§ INSTRUCTIONS TO FOLLOW: Write out again, word for word, the lines below from the line that holds "LED Unterbauleuchte für" through the line that holds "Motorová pila a", omitting pictures.

=== Begin Enclosure ===

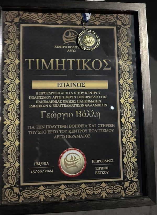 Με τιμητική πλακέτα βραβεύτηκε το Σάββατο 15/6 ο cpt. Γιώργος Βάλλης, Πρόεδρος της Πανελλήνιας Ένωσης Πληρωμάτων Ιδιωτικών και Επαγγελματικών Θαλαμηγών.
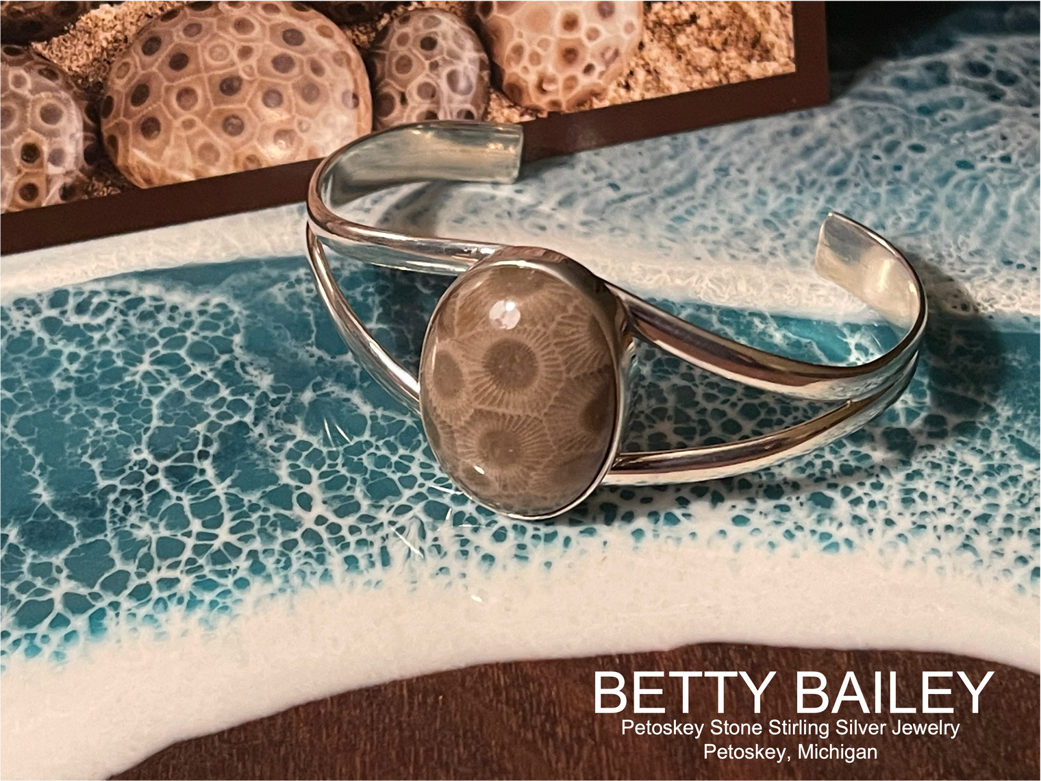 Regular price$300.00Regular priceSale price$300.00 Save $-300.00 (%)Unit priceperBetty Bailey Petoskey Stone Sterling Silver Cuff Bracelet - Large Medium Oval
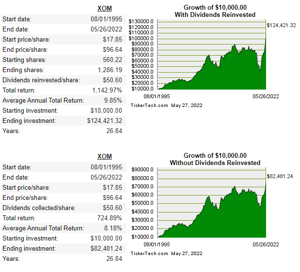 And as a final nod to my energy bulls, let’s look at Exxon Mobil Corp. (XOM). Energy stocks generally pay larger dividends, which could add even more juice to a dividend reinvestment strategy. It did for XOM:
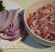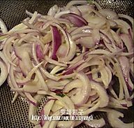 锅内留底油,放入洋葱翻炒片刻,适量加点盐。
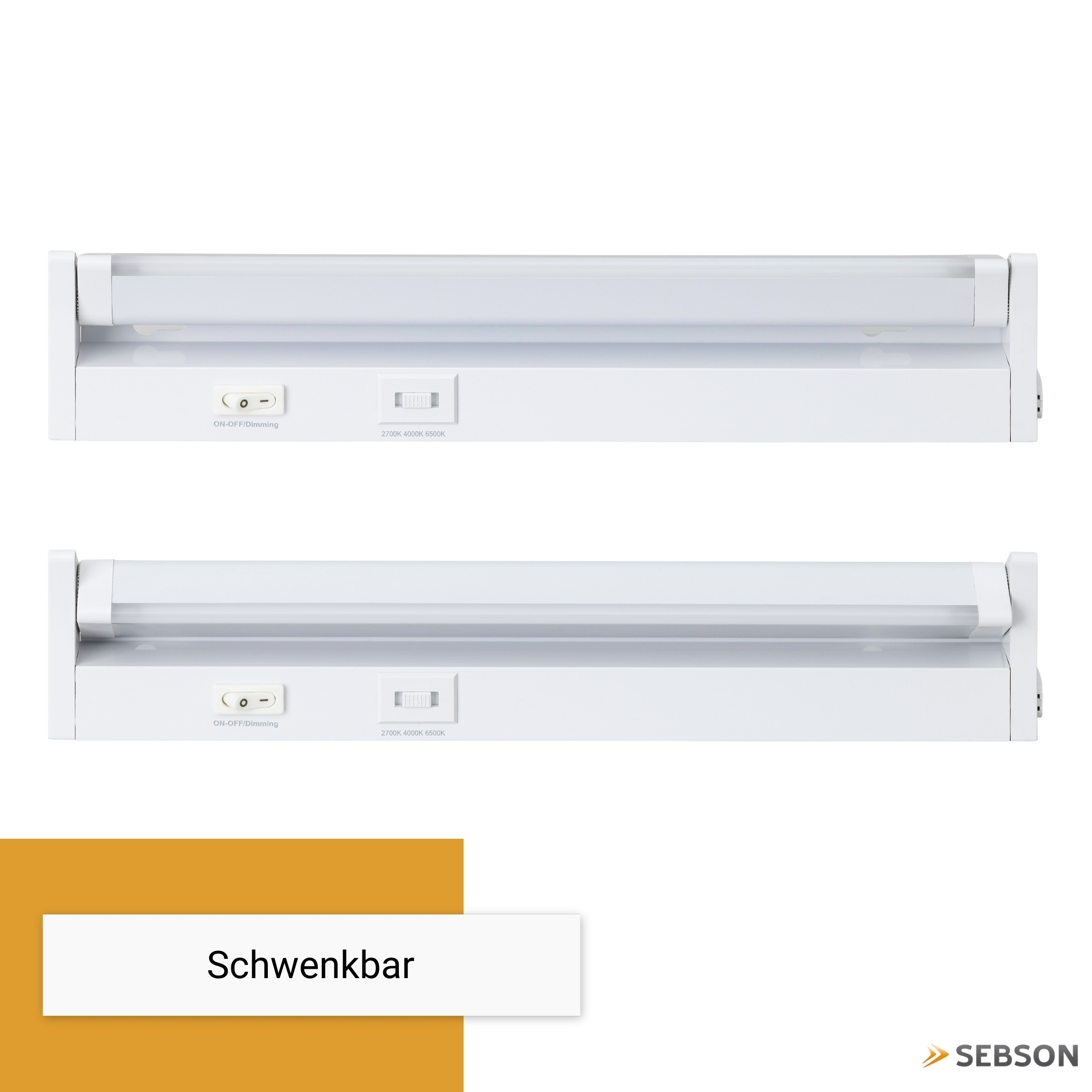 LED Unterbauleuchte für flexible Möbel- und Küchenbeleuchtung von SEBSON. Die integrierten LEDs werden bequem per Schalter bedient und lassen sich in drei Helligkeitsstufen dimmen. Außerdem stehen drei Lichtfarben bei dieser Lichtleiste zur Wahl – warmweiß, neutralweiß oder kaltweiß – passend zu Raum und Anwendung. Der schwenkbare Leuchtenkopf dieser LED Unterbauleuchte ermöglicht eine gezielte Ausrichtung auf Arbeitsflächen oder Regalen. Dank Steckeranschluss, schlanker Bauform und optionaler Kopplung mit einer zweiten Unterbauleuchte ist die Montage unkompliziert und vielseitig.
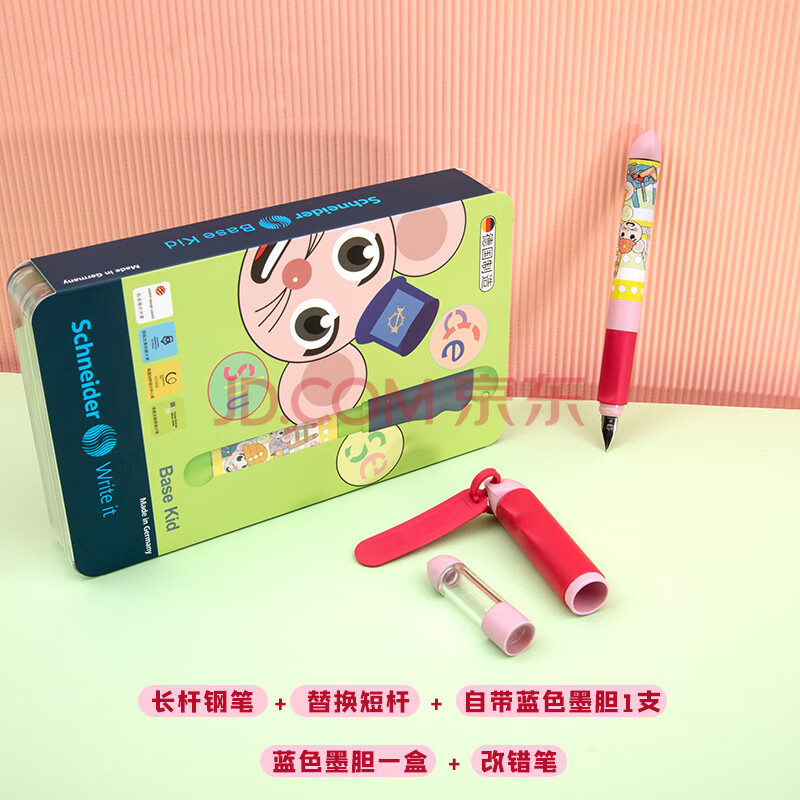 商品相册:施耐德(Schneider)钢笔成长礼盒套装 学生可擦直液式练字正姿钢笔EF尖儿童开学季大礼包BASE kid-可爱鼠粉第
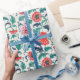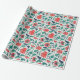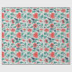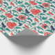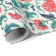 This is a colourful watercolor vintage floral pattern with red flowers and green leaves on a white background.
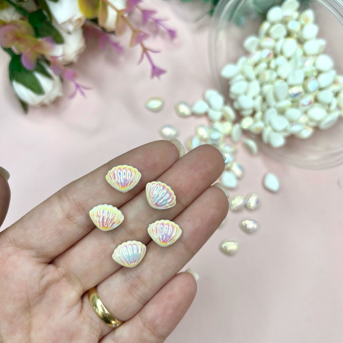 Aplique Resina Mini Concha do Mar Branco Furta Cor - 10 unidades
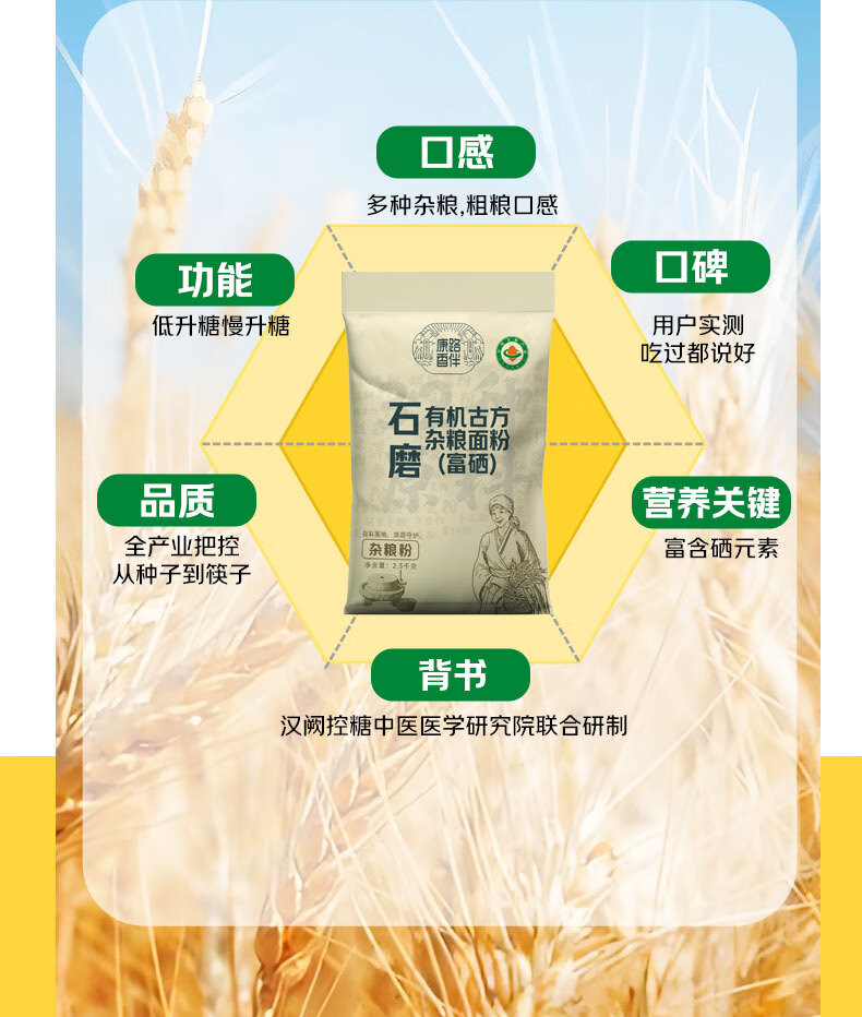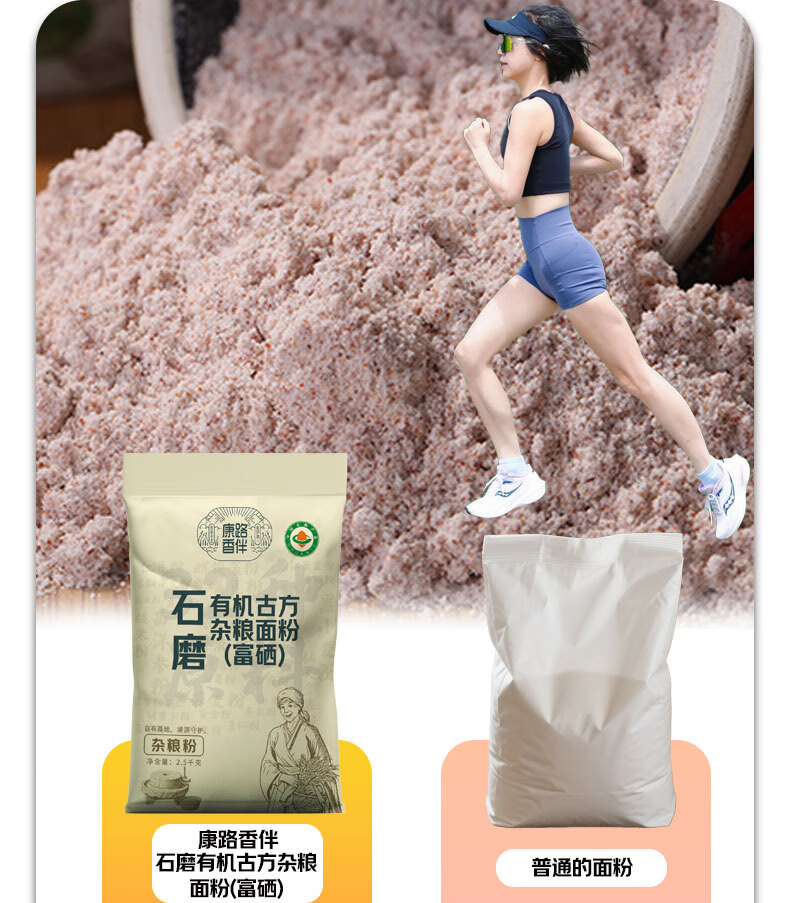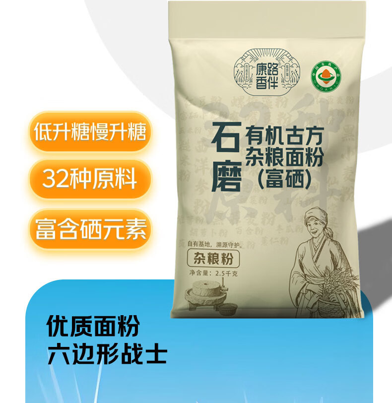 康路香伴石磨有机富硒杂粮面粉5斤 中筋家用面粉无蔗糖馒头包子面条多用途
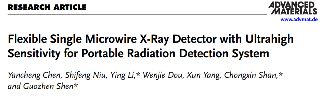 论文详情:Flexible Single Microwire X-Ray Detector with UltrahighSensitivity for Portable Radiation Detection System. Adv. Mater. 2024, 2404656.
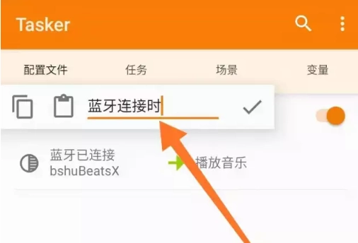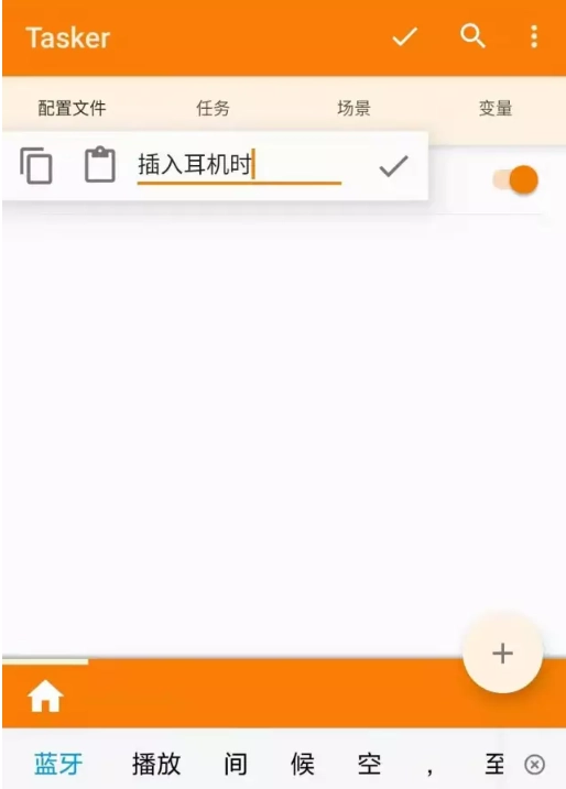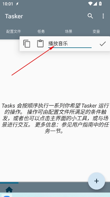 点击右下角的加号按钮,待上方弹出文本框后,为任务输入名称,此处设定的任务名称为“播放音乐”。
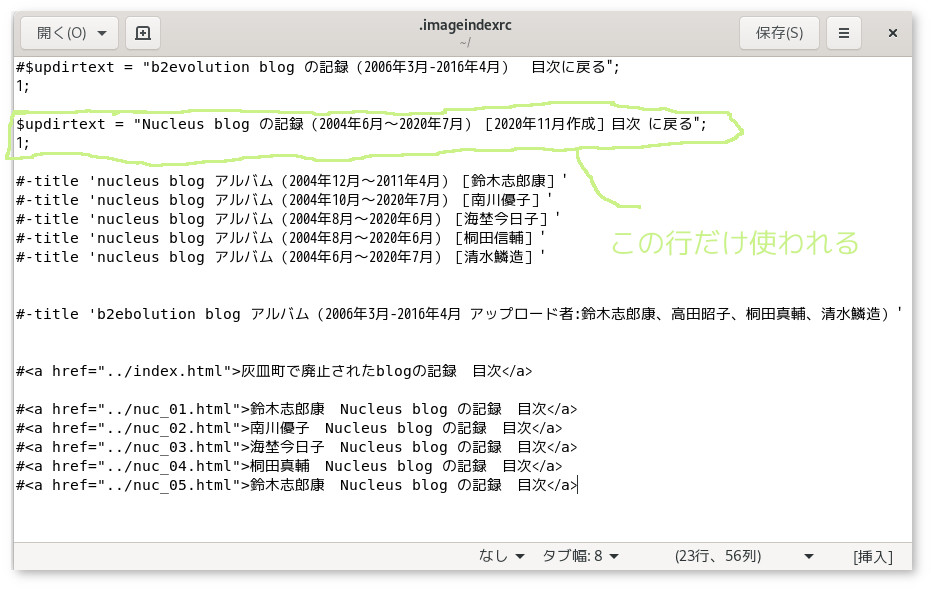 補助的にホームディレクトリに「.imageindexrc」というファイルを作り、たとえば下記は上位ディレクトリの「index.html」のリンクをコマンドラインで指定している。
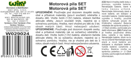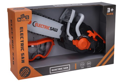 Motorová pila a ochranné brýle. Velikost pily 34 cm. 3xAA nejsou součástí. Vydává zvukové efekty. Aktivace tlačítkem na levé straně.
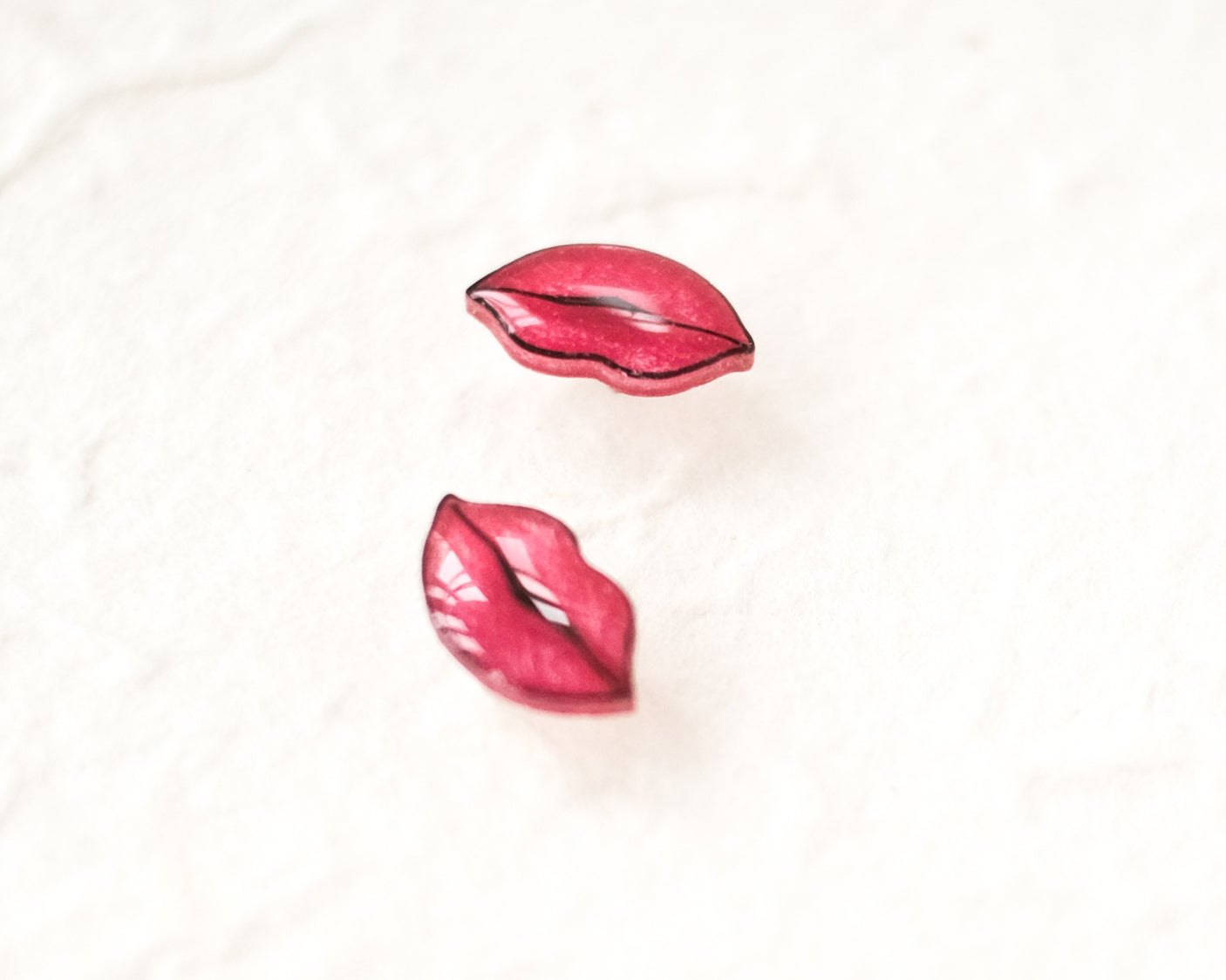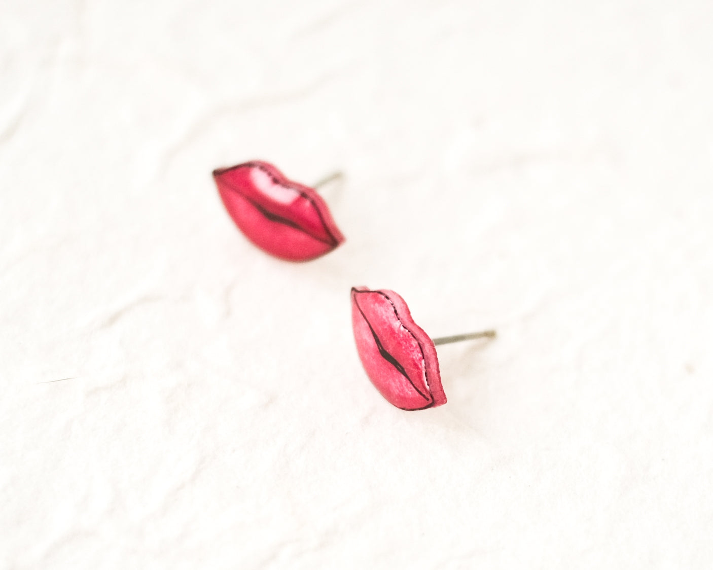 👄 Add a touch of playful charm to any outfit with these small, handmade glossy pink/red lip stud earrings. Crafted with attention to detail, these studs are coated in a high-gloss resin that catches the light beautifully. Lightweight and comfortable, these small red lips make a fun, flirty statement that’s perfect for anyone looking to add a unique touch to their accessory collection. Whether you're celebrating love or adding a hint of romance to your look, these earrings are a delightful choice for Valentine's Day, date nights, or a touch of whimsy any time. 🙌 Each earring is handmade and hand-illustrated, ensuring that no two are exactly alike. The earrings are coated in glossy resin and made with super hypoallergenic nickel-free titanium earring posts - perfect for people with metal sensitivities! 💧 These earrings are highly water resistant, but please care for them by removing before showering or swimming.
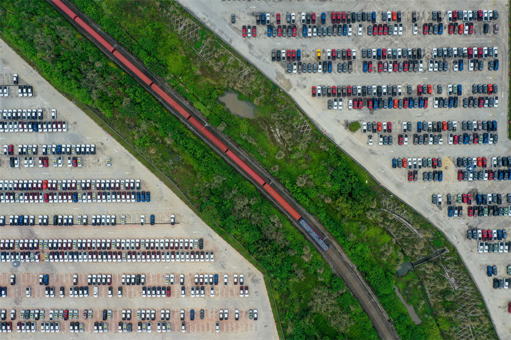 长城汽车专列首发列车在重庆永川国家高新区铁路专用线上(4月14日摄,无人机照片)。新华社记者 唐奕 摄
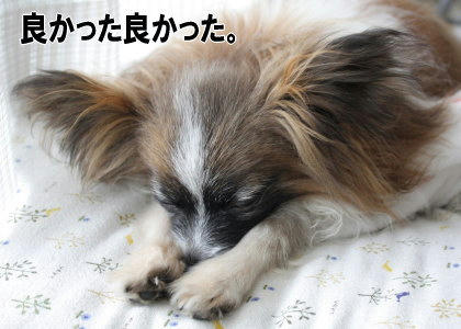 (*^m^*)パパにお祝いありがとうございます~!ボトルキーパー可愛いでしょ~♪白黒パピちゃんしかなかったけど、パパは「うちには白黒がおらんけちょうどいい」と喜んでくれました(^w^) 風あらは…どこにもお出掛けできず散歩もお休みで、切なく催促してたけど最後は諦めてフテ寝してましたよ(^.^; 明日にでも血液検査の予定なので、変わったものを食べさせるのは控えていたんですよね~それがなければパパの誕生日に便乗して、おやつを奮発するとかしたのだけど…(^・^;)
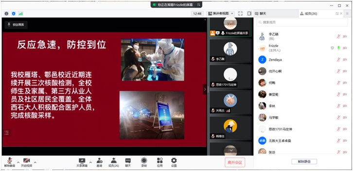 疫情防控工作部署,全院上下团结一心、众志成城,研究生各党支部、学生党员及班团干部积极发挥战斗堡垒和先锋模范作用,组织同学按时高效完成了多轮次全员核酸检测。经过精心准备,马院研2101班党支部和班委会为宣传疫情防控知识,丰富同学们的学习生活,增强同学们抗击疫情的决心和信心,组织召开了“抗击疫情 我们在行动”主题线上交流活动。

=== End Enclosure ===

§ WRITTEN SOLUTION:
 LED Unterbauleuchte für flexible Möbel- und Küchenbeleuchtung von SEBSON. Die integrierten LEDs werden bequem per Schalter bedient und lassen sich in drei Helligkeitsstufen dimmen. Außerdem stehen drei Lichtfarben bei dieser Lichtleiste zur Wahl – warmweiß, neutralweiß oder kaltweiß – passend zu Raum und Anwendung. Der schwenkbare Leuchtenkopf dieser LED Unterbauleuchte ermöglicht eine gezielte Ausrichtung auf Arbeitsflächen oder Regalen. Dank Steckeranschluss, schlanker Bauform und optionaler Kopplung mit einer zweiten Unterbauleuchte ist die Montage unkompliziert und vielseitig.
 商品相册:施耐德(Schneider)钢笔成长礼盒套装 学生可擦直液式练字正姿钢笔EF尖儿童开学季大礼包BASE kid-可爱鼠粉第
 This is a colourful watercolor vintage floral pattern with red flowers and green leaves on a white background.
 Aplique Resina Mini Concha do Mar Branco Furta Cor - 10 unidades
 康路香伴石磨有机富硒杂粮面粉5斤 中筋家用面粉无蔗糖馒头包子面条多用途
 论文详情:Flexible Single Microwire X-Ray Detector with UltrahighSensitivity for Portable Radiation Detection System. Adv. Mater. 2024, 2404656.
 点击右下角的加号按钮,待上方弹出文本框后,为任务输入名称,此处设定的任务名称为“播放音乐”。
 補助的にホームディレクトリに「.imageindexrc」というファイルを作り、たとえば下記は上位ディレクトリの「index.html」のリンクをコマンドラインで指定している。
 Motorová pila a ochranné brýle. Velikost pily 34 cm. 3xAA nejsou součástí. Vydává zvukové efekty. Aktivace tlačítkem na levé straně.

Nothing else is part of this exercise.